Ailleurs encore, l’activité éruptive et le paysage volcaniques contribuent à « l’image de marque » des lieux de récréation. Le mitage des résidences secondaires et le développement croissant du tourisme s’appuient parfois largement sur la présence du volcan, comme autour du mont Asama. Un grand groupe privé465 (Seibu西武) a investi dans un parc de loisir, avec accès autoroutier, golf et hôtel dans les années 1970. Sur une coulée de lave rocailleuse datant de 1783, un simulacre de sanctuaire shintô a aussi été créé ex nihilo, sans qu’aucun prêtre n’y officie. Des baraques vendant des brochettes ou des gâteaux, une série de magasins de souvenirs complètent l’ensemble, pour le plus grand plaisir des touristes venus consommer le lieu (photo 7-12).

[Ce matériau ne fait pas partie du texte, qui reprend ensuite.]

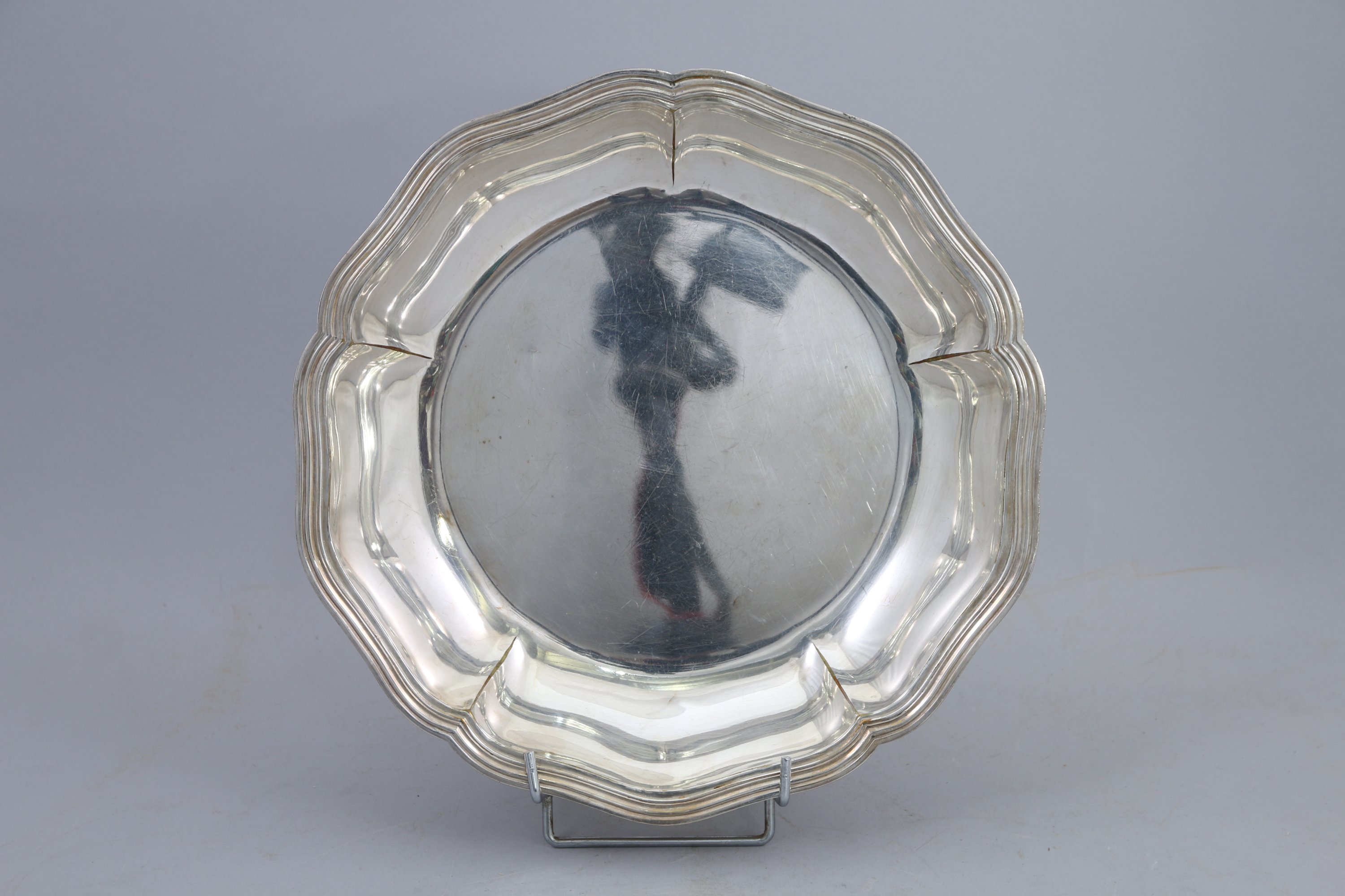PLAT creux en argent de forme circulaire à cinq lobes moulurés de filets.

Un peu paradoxalement, alors que les régions montagneuses se sont dépeuplées au profit des villes, elles n’ont jamais été aussi fréquentées par les citadins, car leur accessibilité s’est améliorée avec la modernisation des transports. Cette influence contradictoire à conduit à un rapprochement spatio-temporel entre la société et le volcan. Celle-ci va au devant de celui-là, plus aisément et plus rapidement, plus souvent et plus massivement, plus durablement enfin avec le développement de villégiatures. Cette intégration a contribué à transformer et rendre plus variés les rapports au volcan, espace de production ancien et espace sacré, devenu tantôt apathique, tantôt récréatif. Ce rapprochement transforme aussi le risque puisque les cités et leurs habitants se rapprochent de la menace, en oubliant sa véritable nature.

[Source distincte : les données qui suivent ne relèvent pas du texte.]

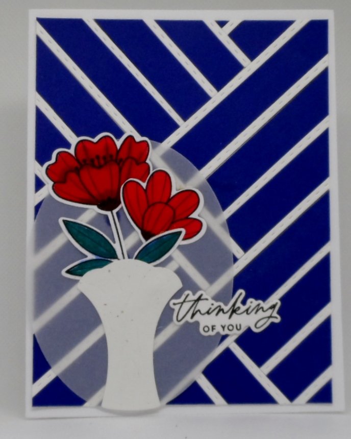 I thought that the color challenge of Red, White and Blue would be a great time to use my Taylored Expressions Pre-Printed Maps and some Easy Strips. The blue strips are 1/2″ and were cut with my trimmer but the white 1/8″ strips were die cut using TE’s stitched die. Using a sticky sheet, I was ready to start mapping. My flowers are TE Flower Market stamps & dies and the vase is also a TE product Versatile Vases. The sentiment is a SimonSaysStamp stamp & die included in their Sunflower Fields stamp & die set that I found in their sale section. A vellum oval was added behind my vase.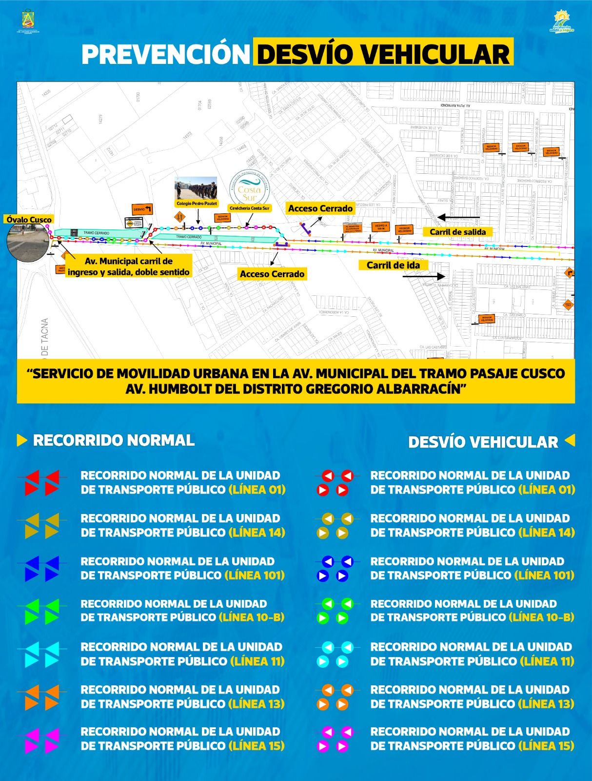 La Municipalidad Distrital Coronel Gregorio Albarracín Lanchipa ha anunciado un plan de desvío temporal en la Avenida Municipal, debido a los trabajos de la obra "Mejoramiento y ampliación de los servicios de movilidad urbana en la avenida Municipal". La medida regirá a partir de este miércoles 18 de junio y afectará el tramo III de salida del distrito, ubicado entre el pasaje Cusco (altura de SENASA) y el óvalo Cusco.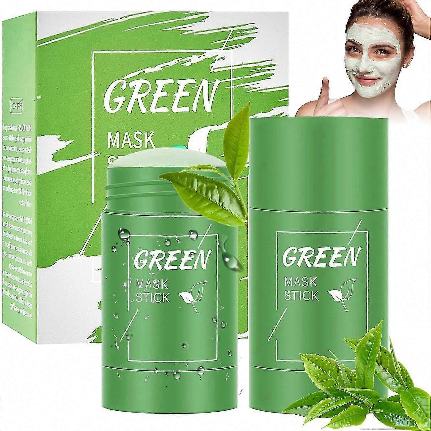 2 Pcs Green Tea Clay Mask Stick, Purifying & Moisturising for Oil Control, Cleansing & Nourishing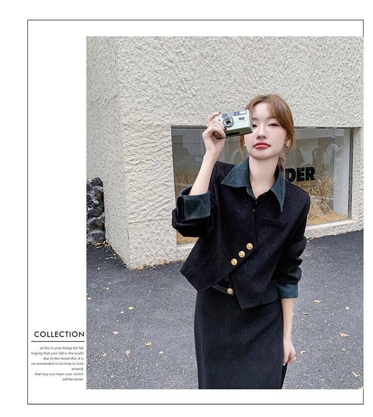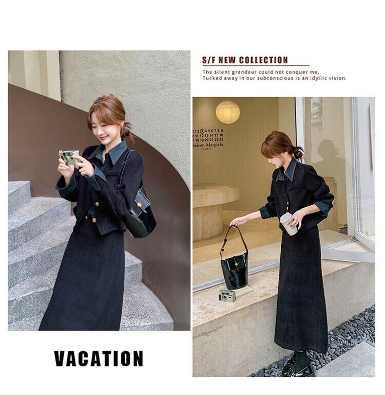 大人可愛いジャケット+aラインスカートのセットアップ。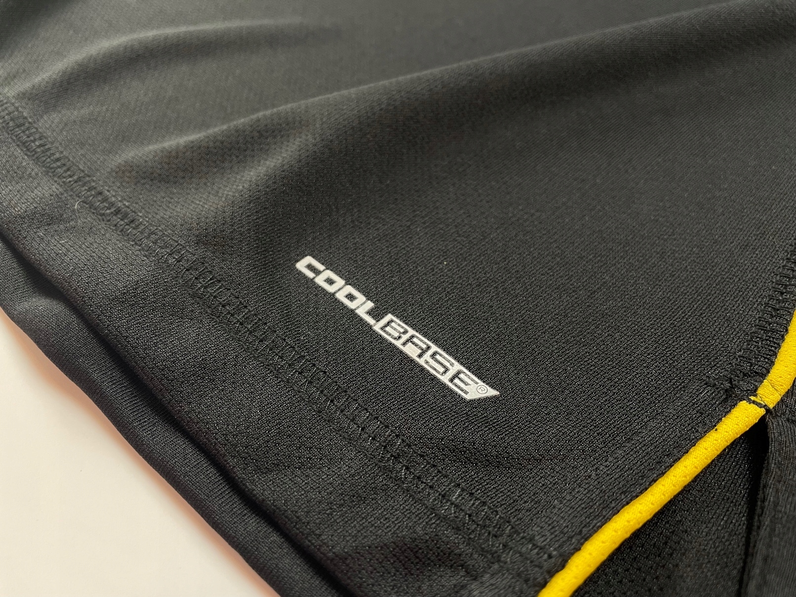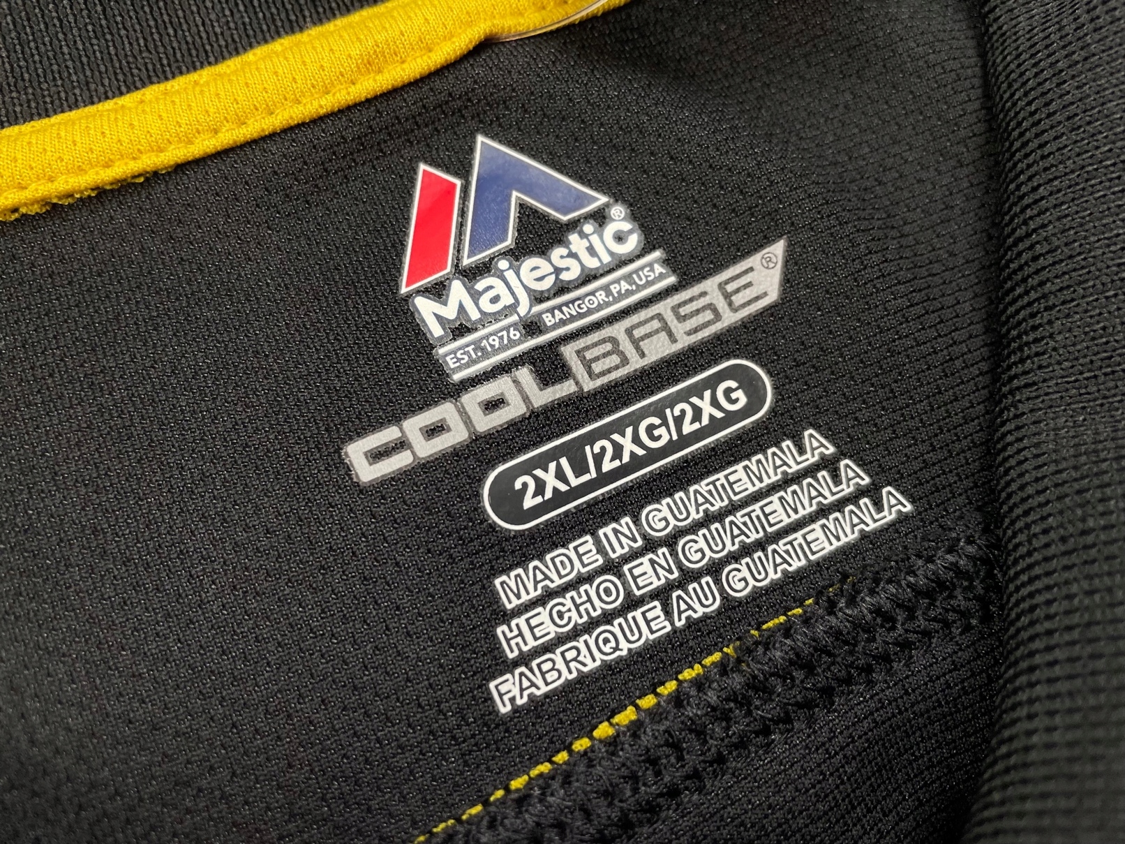 - Сорочка поло від Majestic. Це класичний чорний колір. Спереду на ньому є принт 50 SUPER BOWL. Футболка має жовті вставки з боків. Має короткі рукави та комір, що застібається на гудзики. Має розрізи з боків.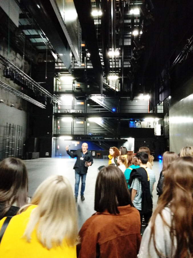 Una vez secos, nos reunimos con Raquel Fernández, ex compañera de la Esdir, y actualmente profesora de la Escuela Superior de Arte del Principado de Asturias, que nos agasajó con una visita guiada por todo el edificio, enseñándonos las instalaciones de la Escuela.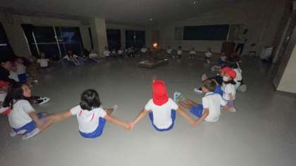 大いに盛り上がったキャンドルファイヤーもいよいよラストです。最後は、みんなで手をつないでスマイルを大合唱しました。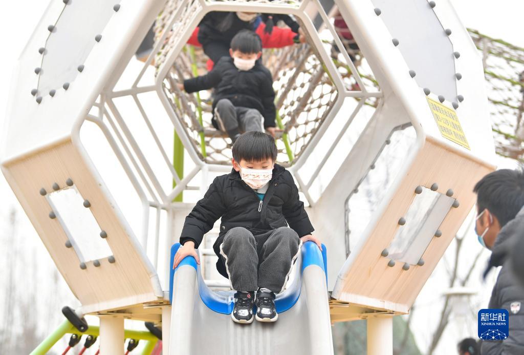 1月20日,小朋友在西安浐灞生态区一处公园玩耍。新华社记者 张博文 摄

Comme on l’a vu, d’un côté, le développement urbain vide les espaces ruraux les plus marginaux de leur population et de leurs services jusqu’à une désertification préoccupante, dans la majorité de l’archipel et notamment dans les îles éloignées ; de l’autre il donne un nouvel attrait récréatif aux régions plus accessibles et pittoresques autour de l’axe mégalopolitain et de ses relais466. Alors que ces nouvelles pratiques de loisirs se développent, le volcan devient un nouveau symbole, celui de la poule aux œufs d’or.

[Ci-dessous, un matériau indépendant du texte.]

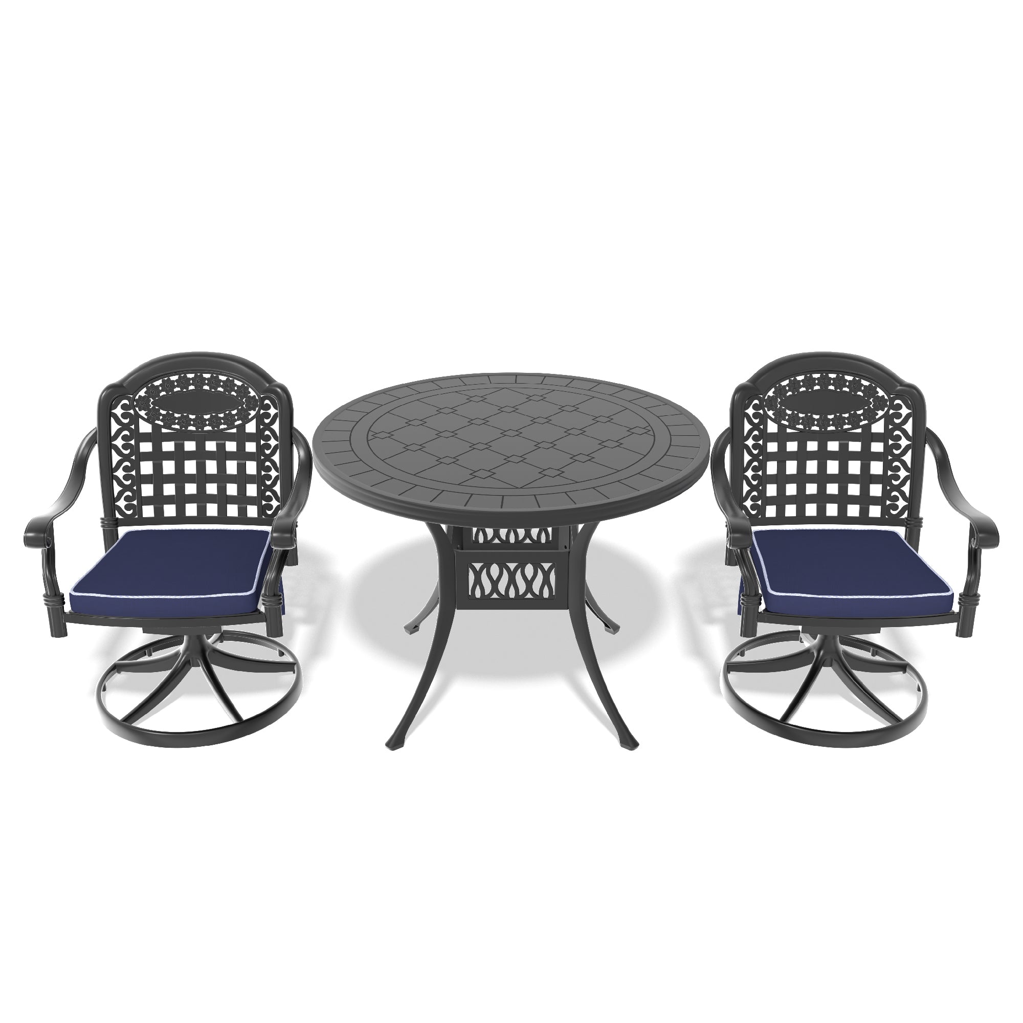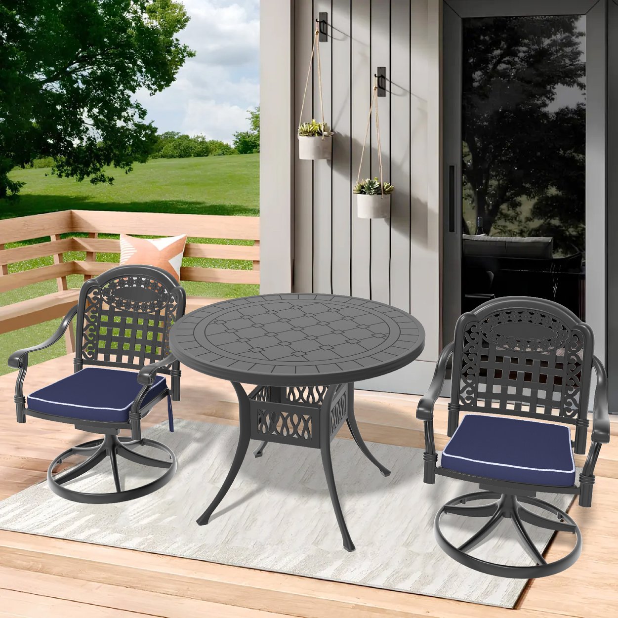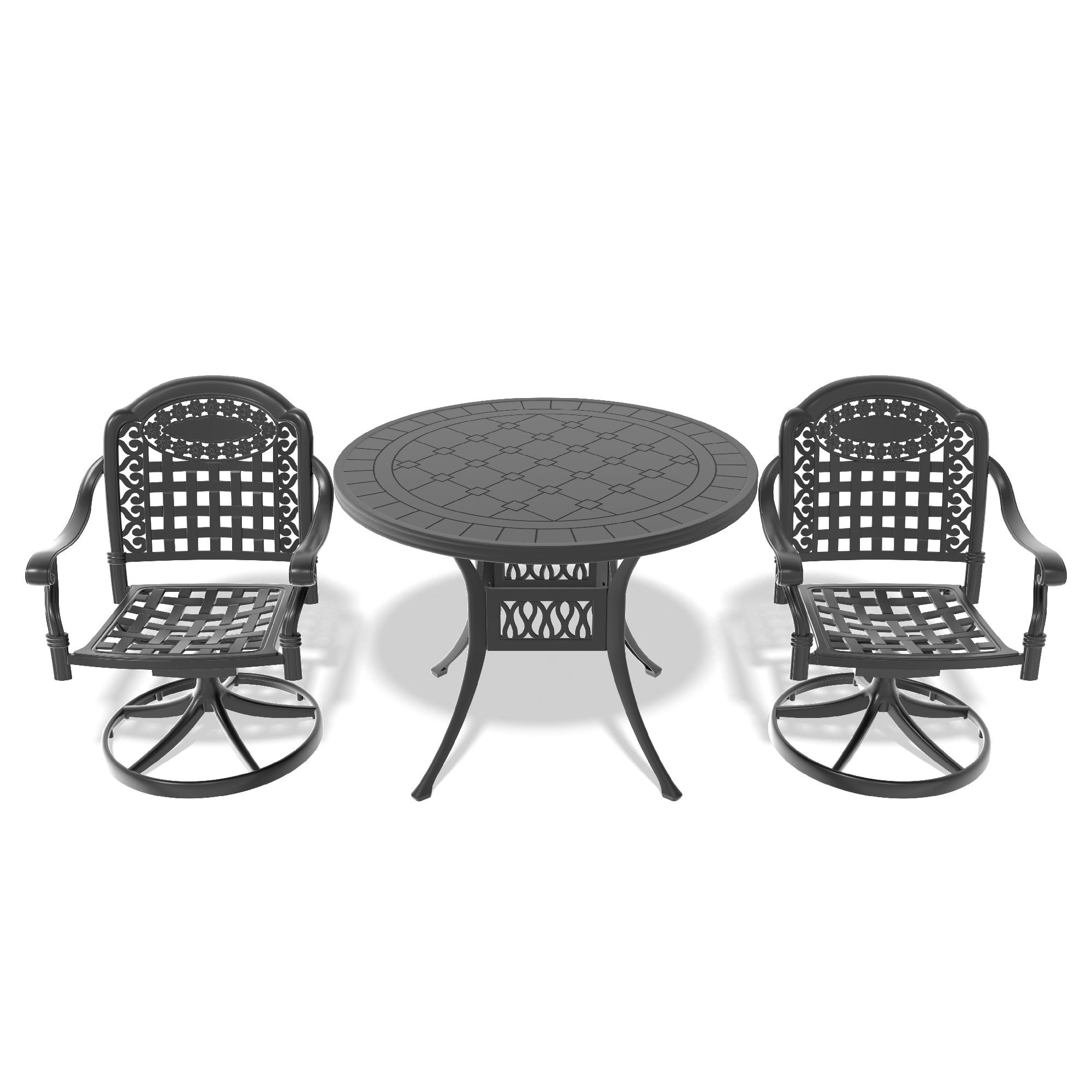 Enjoy intimate outdoor dining with this durable 3-piece all-weather cast aluminum set, designed for small patios, balconies, or cozy garden nooks. The set includes two swivel chairs with comfortable cushions and a 39.37" round table — all finished in a sleek black frame that resists rust and requires minimal maintenance. Crafted for both style and functionality, this compact dining set supports everyday use while providing swivel convenience and ample tabletop space.

Photo 7-12 – L’entrée du parc Oni Oshidashi, sur le flanc nord de l’Asama-yama
Photo 7-12 – L’entrée du parc Oni Oshidashi, sur le flanc nord de l’Asama-yama

Photos M. Augendre (2005)

Notes
458.

Respectivement ガマダスドーム (雲仙岳 災害記念館)et 島原復興アリーナ. Dans le dialecte de Shimabara, gamadasu est une déformation de gambaru (s’accrocher, faire effort).

459.

Sôbetsu héberge le secrétariat du comité en charge du musée, ainsi que le site internet où est présenté le projet, son contenu et ses objectifs de manière détaillée en japonais et avec une version anglaise abrégée : http://www.town.sobetsu.hokkaido.jp/eco/index.htm.

460.

Ces réserves s’expliquent à la fois par les dangers liés à l’effondrement ou la colonisation du bâtiment par des nuisibles, et par l’hésitation à mettre en tourisme pareil témoignage de la destruction.

461.

Cette route reliait la station thermale de Tôyako, en rive de caldera, au centre ville d’Abuta, côté Pacifique. Elle avait été pensée dans les années 1980 pour servir de route d’évacuation… l’éruption de mars 2000 a eu lieu juste à son aplomb. La nouvelle route nationale a été ouverte en 2007. Elle est largement enterrée en tunnel, pour protéger la circulation lors de la prochaine éruption. Son tracé à été choisi à partir de celui de canalisations préexistantes, qui n’avaient pas subi de déformations en 2000 – un gage de stabilité géologique pour les prochaines éruptions.

462.

D’après les statistiques de la municipalité d’Abuta.

463.

Tôyako shûhen chiiki ekomyûjiamu suishin kyôgikai洞爺湖 周辺 地域 エコミュージアム 推進 協議会.

464.

Yamamoto Daisuke, « G-8 interest and apathy swirl around the “Tower of Bubble” », The Japan Times, 17/V/2007.

465.

Il s’agit d’un keiretsu 系列, réseau d’entreprises renforcées par des participations croisées, typique du Japon. Seibu est au départ une firme de commerce qui possède grands magasins, lignes de chemin de fer, hôtels, sociétés de construction et d’immobilier, ou encore une équipe de base-ball.

466.

Le shinkansen dessert Kagoshima depuis 2004, et arrivera jusqu’à Hokkaidô en 2015.